As the "#" comments say, <mount point> is prefixed by chroot path, so this:
  /dev /dev none rw,bind 0 0
means:
  /dev $CHROOT/dev none rw,bind 0 0
exactly as you said, for "directory" chroots. But not "plain" chroots.

This pitfall is documented in `man schroot.conf`:
| setup.fstab ... Also note that mountpoints are canonicalised on
| the host, which will ensure that absolute symlinks point inside
| the chroot, but complex paths containing multiple symlinks may
| be resolved incorrectly; it is inadvisable to use nested
| symlinks as mountpoints.

So a "plain" schroot does no setup, but it's missing some directories
that may be important; while a "directory" schroot does everything we
might want, but much more that we don't want (like binding /home, and
copying /etc/passwd so that the schroot has all the system users like
'uucp', 'usbmux', and 'libvirt-qemu').

Thus...

On 2016-09-16 17:45, Vadim Zeitlin wrote:
> achieving the same effect). I'm willing to eat my (non-existent) hat if you
> can provide a reproducible way of affecting the host system from inside
> chroot without using either hard links or bind mounts.

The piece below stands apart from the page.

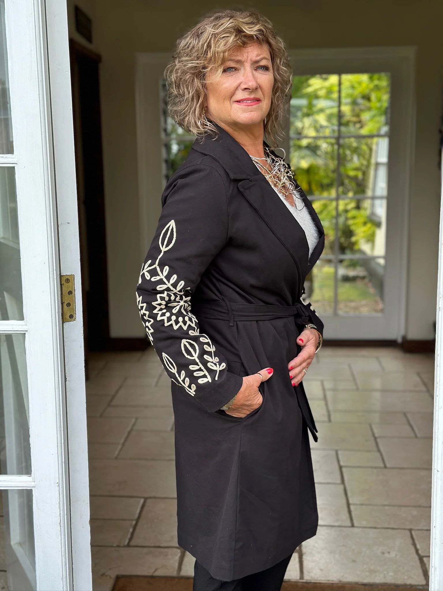 This black trench coat features stunning floral embroidery and a fitted, mid length design. Made from a comfortable cotton blend, this coat is both stylish and practical.

I was insisting that I had set up no hard links or bind mounts, but
in fact I had, implicitly, when I used a "directory" schroot.

Anyway, in forthcoming updates to 'README.schroot' I plan to use a
"plain" chroot as long as it works. We've already figured out how to
solve some potential problems (e.g., by mounting /dev/pts and /proc ),
and now a "plain" chroot seems to work perfectly well for the very
limited task of cross-building lmi, which is all we really need it for.
The "plain" type is less complex and provides much better isolation.

BTW, I tried making a "plain" debian 'sid' chroot in a similar way, but
that seems not to work, at least not without further tweaking:
  (sid)address@hidden:/# apt-get update
  Get:1 http://ftp.us.debian.org/debian sid InRelease [209 kB]
  Get:2 http://ftp.us.debian.org/debian sid/main i386 Packages [7194 kB]
  Get:3 http://ftp.us.debian.org/debian sid/main Translation-en [5476 kB]
  Fetched 12.9 MB in 15s (838 kB/s)
  Reading package lists... Done
  W: No sandbox user '_apt' on the system, can not drop privileges
but I just mention that in passing: I'm not even going to look into that
"W:" message, which is explained here:
  https://bugs.debian.org/cgi-bin/bugreport.cgi?bug=806475
because I don't see any need for 'sid' today, and I've had an exhausting
day fixing other issues, like...

  https://lists.debian.org/debian-boot/2014/11/msg00381.html
[debootstrap fails with:
  E: Invalid Release signature (key id 8B48AD6246925553)
where everything except the last eight bytes of the genuine key got
truncated; the workaround is to repeat the debootstrap command until it
works]

Oh, and if .git/config contains
  [remote "origin"]
    url = git://git.savannah.nongnu.org/lmi.git
instead of "address@hidden:/srv/git/lmi.git", and ~/.ssh/ contains only
DSA keys that savannah no longer accepts, then every git command except
'push' will work, but 'push' will give "connection reset by peer".

I figure that if I don't mention those problems here where they're easy
to search for, then someday I'll have them again and won't remember how
to fix them. I don't want to say how much time I spent trying to get
'git push' to work, largely because I assumed it was an schroot problem.